Она села. Ей принесли чашку шоколада, сверху плавали сливки.

– Очень вовремя. – Жирные сливки смягчили горло, в котором умерли все слова.

– Понимаешь? – спросил Ролан. – Бесполезно проявлять фальшивый героизм или пытаться пересидеть. Я вынужден предпринять определенные шаги, чтобы в будущем иметь возможность послужить Франции. Я должен спасти себя ради блага нации. Понимаешь?

– Понимаю. А я должна вернуться в Конвент…

– Но, Манон, подумай о себе, подумай о нашей дочери…

Она поставила чашку на стол:

– Как странно. Час еще не поздний, а кажется, будто поздний.

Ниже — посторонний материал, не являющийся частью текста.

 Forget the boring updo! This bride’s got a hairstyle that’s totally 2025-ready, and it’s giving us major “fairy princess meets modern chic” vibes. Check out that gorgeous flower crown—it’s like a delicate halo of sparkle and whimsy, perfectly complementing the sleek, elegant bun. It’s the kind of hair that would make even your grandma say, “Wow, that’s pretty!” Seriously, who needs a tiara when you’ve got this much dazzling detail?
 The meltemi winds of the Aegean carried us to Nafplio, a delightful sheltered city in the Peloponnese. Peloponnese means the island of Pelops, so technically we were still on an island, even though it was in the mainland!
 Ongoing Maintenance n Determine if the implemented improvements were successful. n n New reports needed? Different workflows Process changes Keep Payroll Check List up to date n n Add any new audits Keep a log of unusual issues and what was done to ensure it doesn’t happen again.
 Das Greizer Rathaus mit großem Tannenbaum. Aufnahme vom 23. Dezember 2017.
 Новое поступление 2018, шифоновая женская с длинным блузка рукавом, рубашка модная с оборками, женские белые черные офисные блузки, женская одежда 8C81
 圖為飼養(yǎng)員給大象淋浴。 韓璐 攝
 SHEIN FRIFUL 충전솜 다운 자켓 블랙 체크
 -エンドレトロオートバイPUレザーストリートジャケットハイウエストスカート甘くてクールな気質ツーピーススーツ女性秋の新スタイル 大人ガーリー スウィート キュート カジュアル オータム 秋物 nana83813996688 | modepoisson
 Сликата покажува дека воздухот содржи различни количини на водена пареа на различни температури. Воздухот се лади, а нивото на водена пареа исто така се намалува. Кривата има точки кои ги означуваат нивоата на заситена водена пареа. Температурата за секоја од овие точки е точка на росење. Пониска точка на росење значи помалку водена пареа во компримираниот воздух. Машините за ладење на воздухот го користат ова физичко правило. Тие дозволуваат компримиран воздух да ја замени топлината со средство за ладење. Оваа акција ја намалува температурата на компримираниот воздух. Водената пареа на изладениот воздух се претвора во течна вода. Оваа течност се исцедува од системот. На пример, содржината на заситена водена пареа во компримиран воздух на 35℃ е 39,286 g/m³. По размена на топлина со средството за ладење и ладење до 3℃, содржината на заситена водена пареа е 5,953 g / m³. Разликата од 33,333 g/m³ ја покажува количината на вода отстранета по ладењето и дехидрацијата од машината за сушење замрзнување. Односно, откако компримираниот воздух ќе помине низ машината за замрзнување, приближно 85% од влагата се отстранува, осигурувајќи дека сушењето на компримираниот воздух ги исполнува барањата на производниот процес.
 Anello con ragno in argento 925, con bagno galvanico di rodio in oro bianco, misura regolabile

Жизнь утекала от них. Они были словно жильцы в опустевшем доме: грузчики вынесли мебель, и ты остался наедине с голыми полами, забытым осколком фарфора, потревоженной пылью. Словно последние посетители кафе, когда часы злобно бьют, официант прочищает горло, и надо завершить разговор, оплатить счет и выйти в промозглый холод. С легкостью встав с кресла, она пересекла комнату. Он молча стоял перед ней. Привстав на цыпочки, Манон поцеловала мужа в щеку, губами ощутив под кожей кость.

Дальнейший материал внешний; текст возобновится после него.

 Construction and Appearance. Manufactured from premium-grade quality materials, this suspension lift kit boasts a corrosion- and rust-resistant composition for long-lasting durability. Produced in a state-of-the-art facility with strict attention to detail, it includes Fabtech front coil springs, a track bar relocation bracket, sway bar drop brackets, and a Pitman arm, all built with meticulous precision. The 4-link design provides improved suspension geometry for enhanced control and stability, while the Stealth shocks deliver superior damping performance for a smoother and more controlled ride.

– Ты мне изменяла? – спросил он. – Ты мне изменяла?

Она приложила палец к его губам, затем прижалась щекой к его щеке, ощутив на миг легкое зловоние больных легких.

– Никогда, – промолвила Манон. – Береги себя. Спиртного не пей, мясо ешь только хорошо приготовленное. Избегай молока, если не уверен, откуда оно. Ешь белую рыбу, томленную на медленном огне. Если разволнуешься, выпей настойку валерианы. Держи грудь и горло в тепле, под дождь не выходи. От бессонницы пей на ночь теплое питье. Пиши мне.

Манон мягко закрыла за собой дверь. Она больше никогда его не увидит.

Глава 8Неистинное раскаяние(1793)

– Полагаю, мы были… э… недостаточно решительны, – сказал Дантон. – Домашние аресты оказались не слишком действенным средством. Нужно будет запомнить на будущее. Знаю, дама в надежном месте, но я хотел бы заполучить ее муженька, Бюзо и прочих, кто сейчас на пути в свои уютные провинциальные норки.

– Изгнание, – сказал Робеспьер. – Объявление вне закона. Я не назвал бы положение беглеца уютным. В любом случае они бежали.

– Чтобы сеять смуту.

– Провинциальные смутьяны в основном роялисты. – Робеспьер закашлялся. – Черт. – Он промокнул губы носовым платком. – А большинство наших беглецов-жирондистов – цареубийцы. Впрочем, не сомневаюсь, они приложат все усилия, чтобы доставить нам неприятности.

Дантон досадовал. Беседуя с Робеспьером, стараешься говорить правильные слова, но что правильно в наши дни? Обратись к военному – и найдешь пацифиста, который одарит тебя укоризненным взглядом. Обратись к идеалисту – и обнаружишь энергичного и беззаботного профессионального политика. Обратись к средствам – и тебе посоветуют задуматься о целях; обратись к целям – скажут подумать о средствах. Выдвини предположение – и его перевернут с ног на голову. Изложи вчерашние взгляды – и окажется, сегодня от них не осталось и следа. Как некогда говорил Мирабо? «Робеспьер верит всему, что говорит». Возможно, в самой глубине его души все сомнения разрешены.

Бриссо был на пути на юг, в родной Шартр. Петион и Барбару направлялись в Кан, что в Нормандии.


– Вы живете на чердаке… – растерянно проговорил Дантон. Все знакомые ему священники заботились о собственных удобствах.